(Data begins)
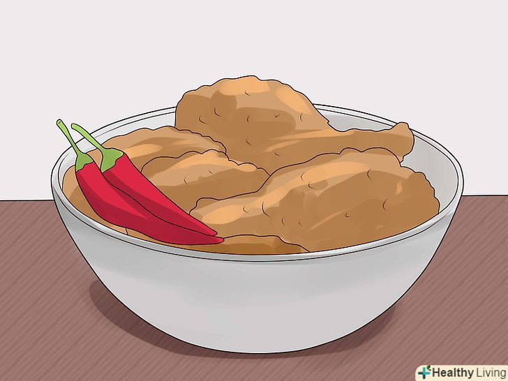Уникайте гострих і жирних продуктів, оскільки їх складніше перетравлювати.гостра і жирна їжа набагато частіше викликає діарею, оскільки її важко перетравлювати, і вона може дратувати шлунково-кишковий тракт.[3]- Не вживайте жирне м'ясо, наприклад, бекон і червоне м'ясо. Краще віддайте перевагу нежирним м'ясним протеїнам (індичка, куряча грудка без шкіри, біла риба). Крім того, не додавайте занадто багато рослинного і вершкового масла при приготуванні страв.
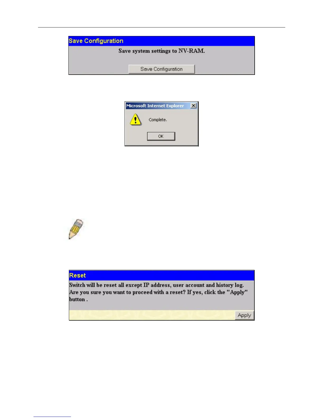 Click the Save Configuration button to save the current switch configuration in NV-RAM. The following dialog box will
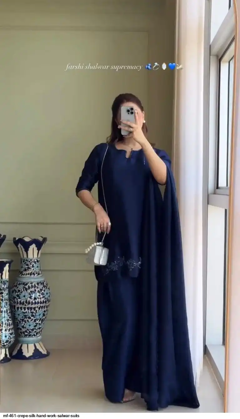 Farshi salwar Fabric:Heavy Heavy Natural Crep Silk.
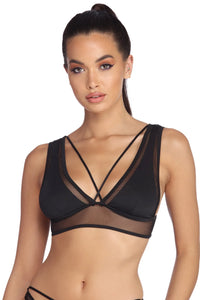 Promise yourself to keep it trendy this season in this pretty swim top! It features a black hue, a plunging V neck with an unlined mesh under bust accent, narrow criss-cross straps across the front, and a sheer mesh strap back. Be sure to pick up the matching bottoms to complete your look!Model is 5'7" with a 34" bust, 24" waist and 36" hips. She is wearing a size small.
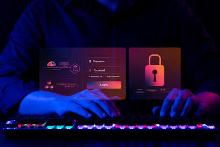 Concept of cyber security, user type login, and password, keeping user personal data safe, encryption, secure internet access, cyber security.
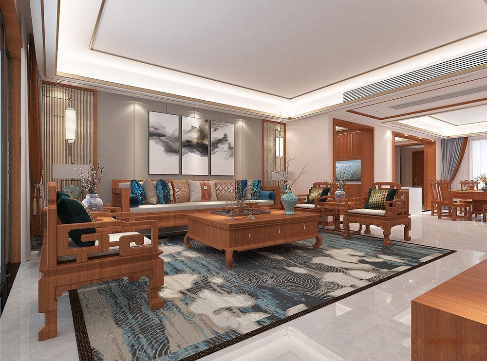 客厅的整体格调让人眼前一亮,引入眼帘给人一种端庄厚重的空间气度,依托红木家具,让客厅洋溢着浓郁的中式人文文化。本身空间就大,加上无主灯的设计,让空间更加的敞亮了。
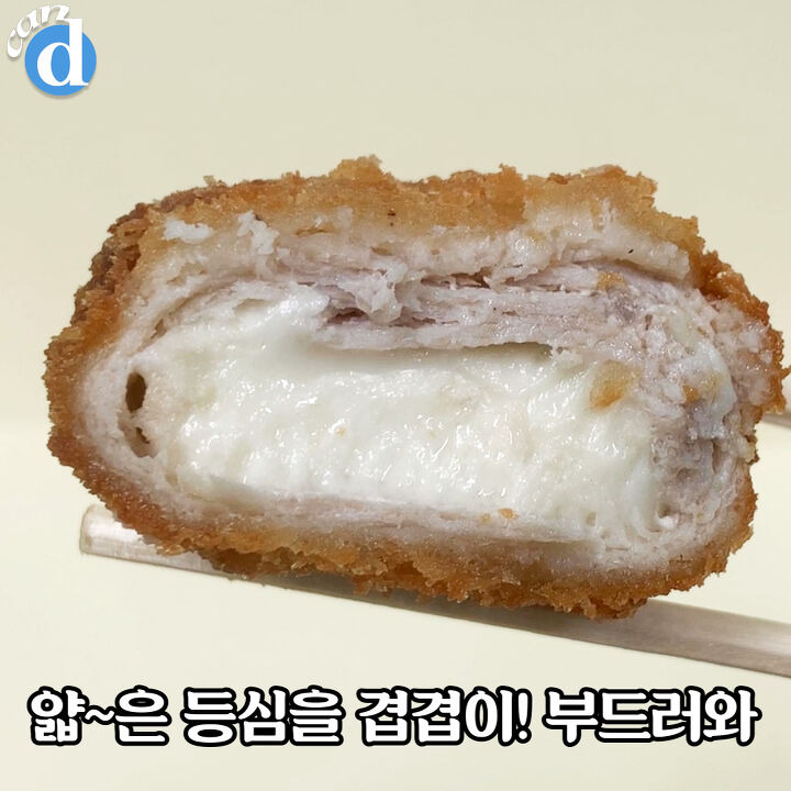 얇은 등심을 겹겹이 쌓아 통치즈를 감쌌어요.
(Data ends)
Task description: Return, exactly as they stand, the lines above from the one with "Click the Save" to the one with "Farshi salwar Fabric:Heavy", omitting any pictures among them.

Reply:
 Click the Save Configuration button to save the current switch configuration in NV-RAM. The following dialog box will
 Farshi salwar Fabric:Heavy Heavy Natural Crep Silk.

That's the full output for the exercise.